According to the message: " BUG: unable to handle kernel NULL pointer dereference at
0000000000000004" and RIP "kernfs_dop_revalidate+0x33", the %rbp is NULL, it is assigned
at line 17 above, and the offset of i_private in struct inode is 0x260, so it turns out that the
i_private is NULL, which is returned from kernfs_dentry_node.

---
75 static inline struct kernfs_node *kernfs_dentry_node(struct dentry *dentry)
76 {
77 	if (d_really_is_negative(dentry))
78		return NULL;
79	return d_inode(dentry)->i_private;
80 }
---
550 static int kernfs_dop_revalidate(struct dentry *dentry, unsigned int flags)
551 {
552 	struct kernfs_node *kn;
553
554		if (flags & LOOKUP_RCU)
555			return -ECHILD;
556
557		/* Always perform fresh lookup for negatives */
558		if (d_really_is_negative(dentry))
559			goto out_bad_unlocked;
560
561		kn = kernfs_dentry_node(dentry);
562		mutex_lock(&kernfs_mutex);
563
564		/* The kernfs node has been deactivated */
565		if (!kernfs_active(kn))
566			goto out_bad;
567     ......
---

We've tried to delete and access some files in sysfs concurrently at the user space, but can't
reproduce the problem for now, :-(

Any advice about the problem or how to debug the kernfs?

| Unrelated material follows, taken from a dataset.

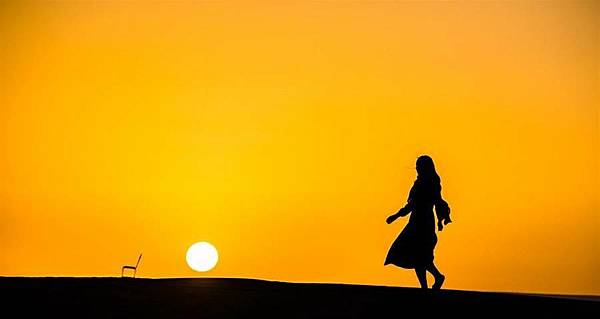 正是黃昏,落日將沙漠染成鮮血的紅色,淒豔恐怖。近乎初冬的氣候,在原本期待著炎熱烈日的心情下,大地化轉為一片詩意的蒼涼。

Thanks!

Jay Zhou

Re: [Question] kernfs: NULL pointer dereference in kernfs_dop_revalidate()

[gregkh]

On Mon, Mar 28, 2022 at 11:59:49AM +0000, Zhoujian (jay) wrote:
> Hi,
> 
> We met a kernel panic during boot the new kernel using kexec, the kernel version
> is 4.18.0(with some our changes), here is the stack:

4.18.0 is _VERY_ old and obsolete, sorry.  Can you duplicate this on
5.17?

thanks,

greg k-h

RE: [Question] kernfs: NULL pointer dereference in kernfs_dop_revalidate()

[Zhoujian (jay)]

> -----Original Message-----
> From: gregkh@linuxfoundation.org [mailto:gregkh@linuxfoundation.org]
> Sent: Monday, March 28, 2022 8:20 PM
> To: Zhoujian (jay) <jianjay.zhou@huawei.com>
> Cc: linux-kernel@vger.kernel.org; tj@kernel.org; Huangweidong (C)
> <weidong.huang@huawei.com>; Wangjing(Hogan) <hogan.wang@huawei.com>
> Subject: Re: [Question] kernfs: NULL pointer dereference in
> kernfs_dop_revalidate()
> 
> On Mon, Mar 28, 2022 at 11:59:49AM +0000, Zhoujian (jay) wrote:
> > Hi,
> >
> > We met a kernel panic during boot the new kernel using kexec, the
> > kernel version is 4.18.0(with some our changes), here is the stack:
> 
> 4.18.0 is _VERY_ old and obsolete, sorry.  Can you duplicate this on 5.17?

Thanks for your reply, I'll have a try.